To check the statistical significance of the RMSD analysis, we considered as control the RMSD distribution between random pairs of imaged conformations (Figure 4). For each type of model, we found that the experiment-model best-match distribution is statistically distinguishable from the control (Figure 4a, two-sided Mann–Whitney test p-value = 0), with less than 5% of the entries of the former distribution that fall above the first decile of control (Figure 4b) [28]. Overall, the all-against-all RMSD analysis show that both loop-extrusion and phase-separation single-molecule conformations significantly represent the ensemble of single-cell imaged 3D structures of the studied IMR90 cell region.

4. Discussion

In this work, we discussed the application of polymer physics models to investigate the mechanisms that establish the complex 3D structure of the genome as observed by recent single-cell imaging data [15]. We focused on two main, distinct physical processes that are supported by growing experimental evidence, i.e., loop-extrusion and phase-separation. In the first mechanism, an active motor (e.g., Cohesin or Condensin) extrudes DNA loops between specific anchor sites (envisaged as CTCF binding sites with opposite orientation) in an out-of-equilibrium process; in the second, chromatin contacts between distal genomic sites are established by diffusing molecular agents (such as transcription factors) or direct DNA interactions that, sustained by the thermal bath, spontaneously bridge their cognate sites.

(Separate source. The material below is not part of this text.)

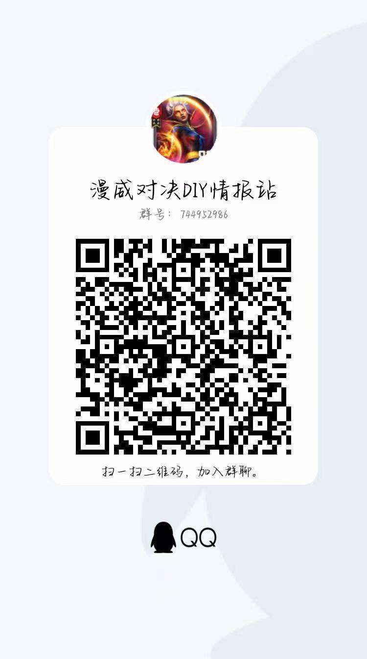 之后我也会尝试邀请桐麟小哥哥在b站对本卡组进行分析解说哦,感兴趣的可以关注下。当然也可以进群与我们交流,群号744952986,随时获取一手消息和活动,我和其他的DIY小伙伴们都在群里等着你们哦!最后希望大家多多支持【漫威对决DIY情报站】,顺便希望大家更多的加入到DIY大家庭,一起让游戏越来越好哦~

By using as benchmark super-resolution microscopy data available for a 2 Mb wide chromosome region in human fibroblast cells, we showed that both mechanisms can quantitatively recapitulate single-cell imaged conformations, indicating that they can coexist in shaping chromosome folding [28]. By allowing a deeper understanding of the mechanisms driving the organization of the genome, models from polymer physics can be used for real-world applications in real experimental contexts [48]. For example, validated polymer models can be efficiently employed to impute missing values or reduce noise effects in large imaging datasets. Additionally, and importantly, they can be employed to predict in silico the structural effects of disease-associated mutations, linked, for instance, to congenital disorders [11,12] or cancer [13,49].

Overall, those studies show that novel data from microscopy can be complemented with quantitative models from physics to understand the mechanisms and function of genome structure, paving the way for important and useful applications, such as the prediction of genomic perturbations on chromosome 3D architecture.